When spring arrives, our attention turns outdoors and to great garden tips for the growing season. Maria Bronner Sutorik, vice president of Bronner’s CHRISTmas Wonderland is an avid gardener who has completed Master Gardener training. She offers these great garden tips for flower and vegetable gardeners.
Prepare with Our Great Garden Tips
- Choose the site well. After all, you need a sunny spot for vegetable gardening. The site does not need to be IN the ground. It can be in pots, window boxes, raised beds, etc. In fact, use whatever space you have available, from a balcony to a deck to a wall. By the same token, shade gardens can be lovely, too. You just need to pick plants appropriate for the conditions they will be in. (If possible, it’s helpful to have your garden beds located near a watering source for convenience)
- Add products like soil-moist granules, and slow-release fertilizer into containers when planting. If the plants growing in it were healthy, you can reuse container mix from a prior season with amendments. In this case, begin by removing large debris. Then freshen the mix with nutrients from dried organic humus or a manure mix. Last of all, moisten and fertilize the mix.
- Another great garden tip: larger containers don’t have to be filled top to bottom with soil. You can load the base of the container with anything from recycled plastic bottles, to Styrofoam peanuts (bagged so they’re less messy), to dry leaves. These light-weight fillers take up space so the containers are easier to move. Clay, ceramic, cement and terra-cotta planters have a tendency to crack from the thaw/freeze cycle in cold climates. To prevent this from happening, cover these containers with a garbage bag before the winter season. Or if they are not too heavy, move them to a protected storage location.
Great Garden Tips: Choose Your Battles
- Above all, start small. Tackle a little at a time so you are not overwhelmed. You can always add more during the season or next year. However, you can become discourages by taking on too big of a project all at once. (This is especially true for our next great garden tip.)

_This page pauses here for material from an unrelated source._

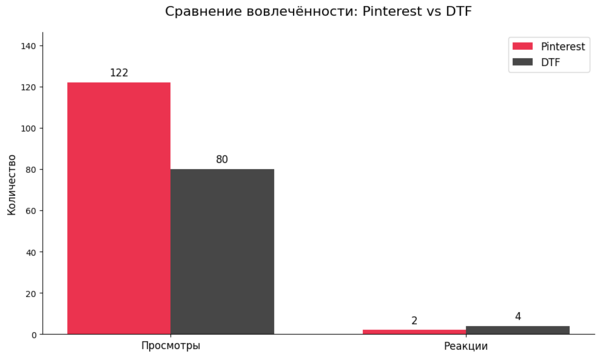 Chat GPT — генерация идей для статьи, анализ ЦА DTF, написание статьи, SEO-анализ, адаптация под SEO и интересы ЦА Perplexity — генерация идей для вертикального видео, создание плана монтажа, SEO-анализ, оформление и теги для Pinterest DeepSeek — интервью, дополнительный анализ конкурентов на DTF и Pinterest, подсказки по улучшению постов, помощь в написании кода для визуализации данных с помощью Pandas и Matplotlib Upscayl — увеличение качества некоторых изображений для лонгрида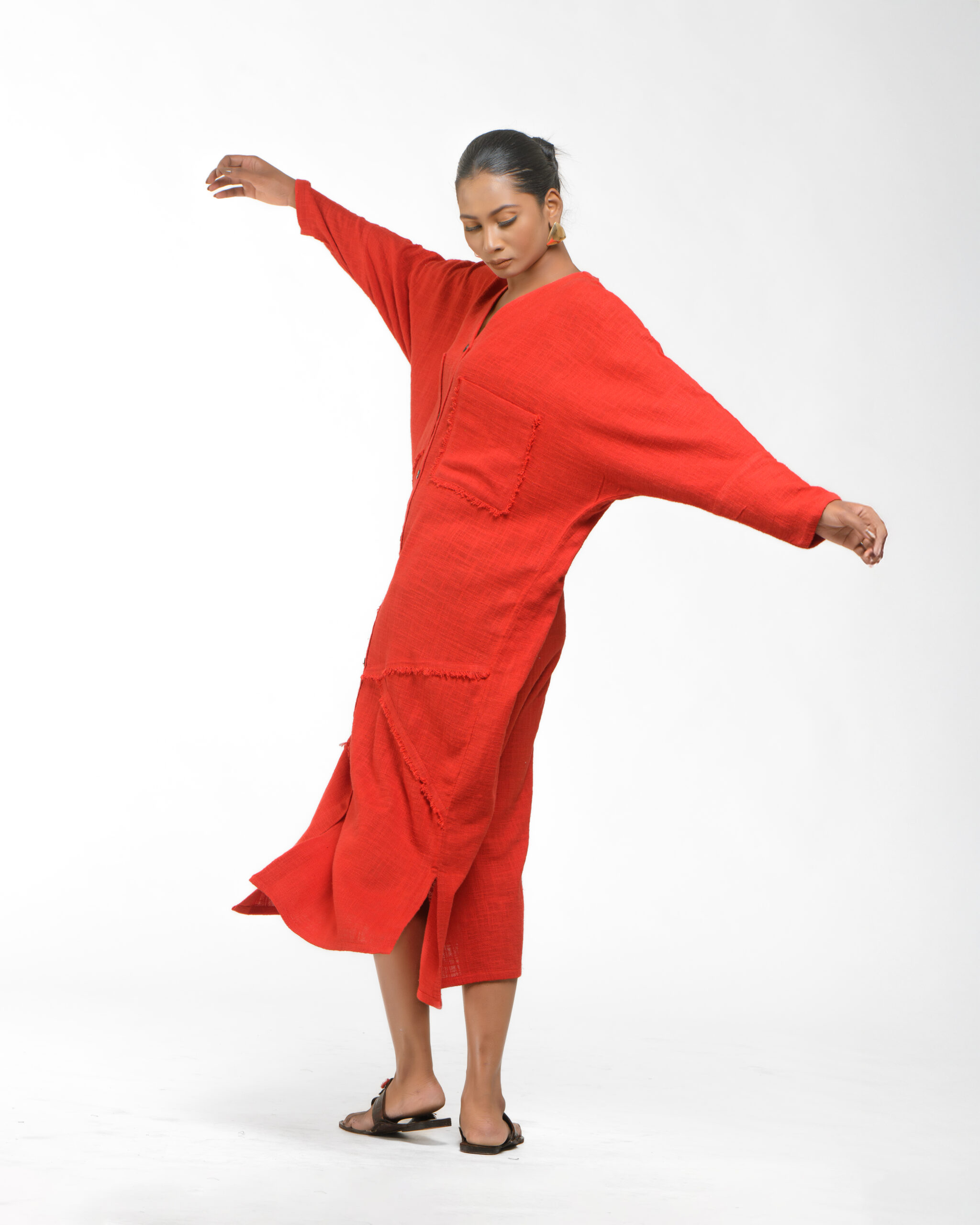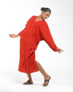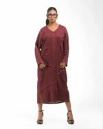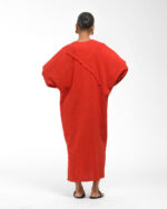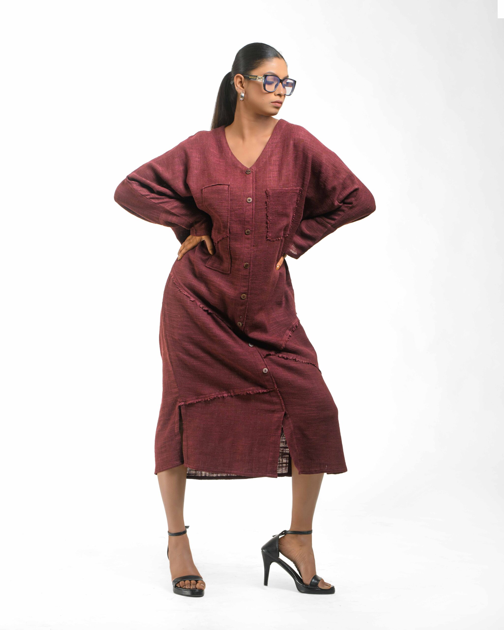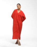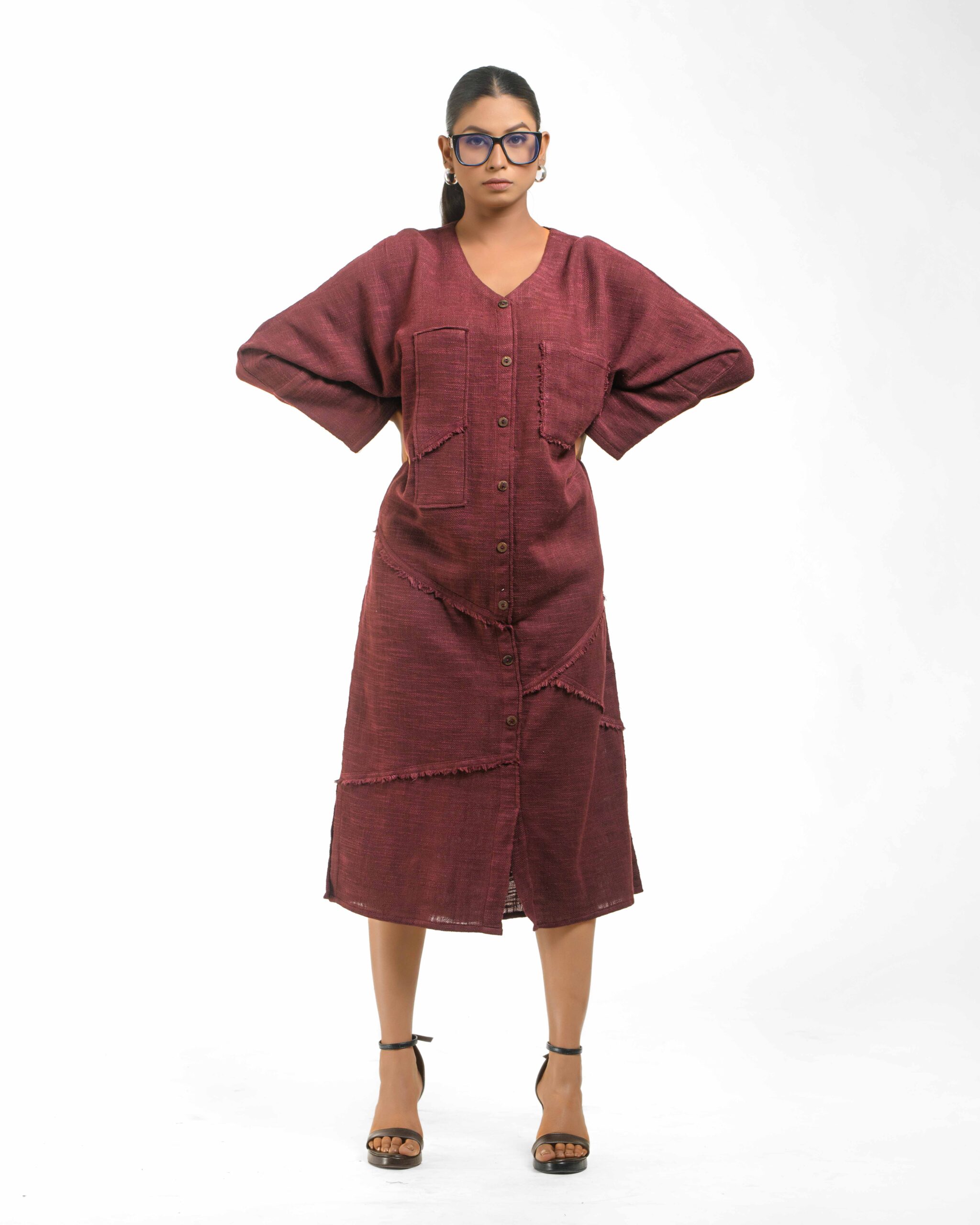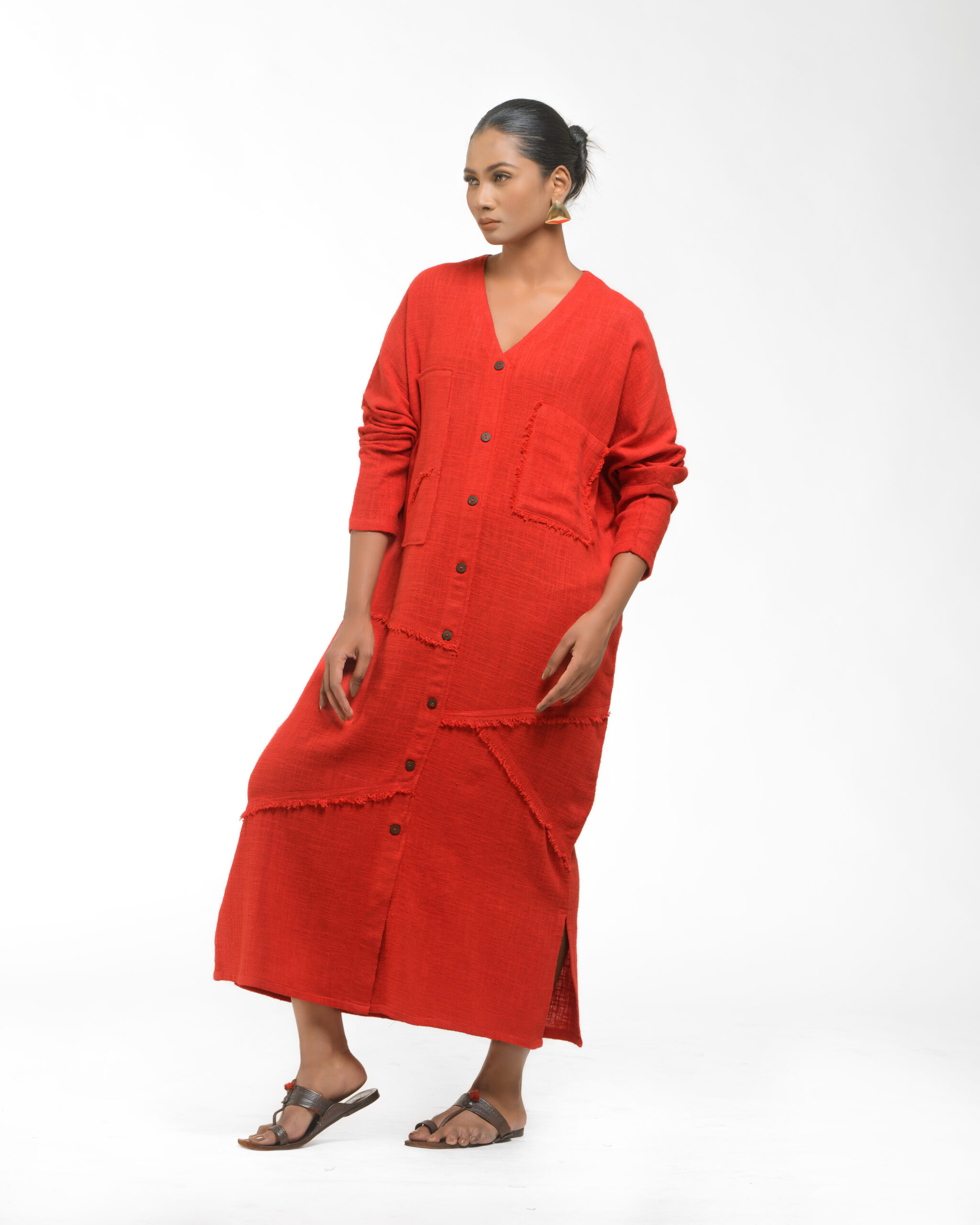Embracing the free spirit: This oversized Boho dress is crafted from super flowy, light slub Khadi and dyed with certified azo-free dyes for purity. The dramatic, multi-tiered fringe detailing and collarless neck ensure maximum comfort and effortless style, honoring the artisan’s “humane touch.”

- Keep ahead of the weeds. They compete for plant nutrients. In short, don’t let them seed. If weeds do sprout, it’s easier to get them when they’re young and their roots are not so deep. You should pull weeds by hand, preferably after a light rain, so the roots come up easily. Pulling weeds by hand turns over the soil less than hoeing, which can expose more weed seeds to germination. For the most part, weeds are peskiest the first month or two, but will let you take a well-deserved break midsummer. Also, you can mulch to keep weeds down, but try to keep the mulch away from plant stems and crowns.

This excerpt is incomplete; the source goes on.